Man's family seeks justice after paramedics charged with his murder: "They treated my son like he was an animal"
Earl Moore Jr.'s family is vowing to make sure the two Illinois paramedics charged with his death are held accountable.
"They treated my son like he was an animal," his mother, Rosena Washington, said Thursday.
Their legal team, including civil rights attorney Ben Crump, filed a wrongful death lawsuit Thursday against the paramedics, Peggy Finley and Peter Cadigan, as well as their employer, Lifestar Ambulance Service.
On the same day, the paramedics appeared in court, via video link from jail, on charges of first-degree murder. They're accused of killing 35-year old Moore last month by strapping him so tightly facedown on a stretcher that he suffocated.
Police body camera video captured Finley and Cadigan responding to Moore's home in Springfield after he called 911.
"Sit up. Sit up. Now," Finley is heard saying in the video. "I am not playing with you tonight. Sit up."
At one point, she is seen on camera dragging him across the floor. Once they were all outside, Cadigan appeared to place Moore on his stomach on a gurney.
The video raised serious concerns about the paramedics' response to the emergency. But both sides say the police video supports their case.
"When you look at that video, the reason it's so shocking is because they offer Earl no consideration," said Ben Crump, the Moore family's attorney.
W. Scott Hanken, Finley's attorney, said the video speaks for itself and proves his client did not commit a crime.
"It's tragic," Hanken said. "A lot of tragic things happen in life.
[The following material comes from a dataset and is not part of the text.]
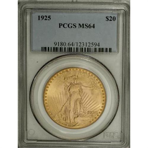 <B>1925 $20 MS64 PCGS.</B></I> PCGS Population (9609/5737). NGC Census: (12540/3779). Mintage: 2,831,750. Numismedia Wsl. Price for NGC/PCGS coin in MS64: $1,210. (#9180)<BR><BR><B>Coin Engraver:</B> Augustus Saint-Gaudens<BR><BR><b>Shipping:</b> Coins & Currency (<a target="_blank" href="http://www.heritageauctions.com/common/shipping.php">view shipping information</a>)

They are not necessarily criminal, and this one of them."
Edward Unsell, who represents Cadigan, said, "I don't see where the probable cause exists that a crime has occurred."
"But ordinarily, even when you have such a tragedy as the death of Mr. Moore, ordinarily the venue for these would be, as Crump has filed, as a wrongful death case," Unsell said.
A defense attorney involved in the case told CBS News that if the prosecutors don't play the body camera video in a court hearing Thursday, the defense likely will.
As for the wrongful death suit, CBS News has reached out to Lifestar repeatedly for comment.
Cadigan and Finley remain behind bars, each on $1 million bond.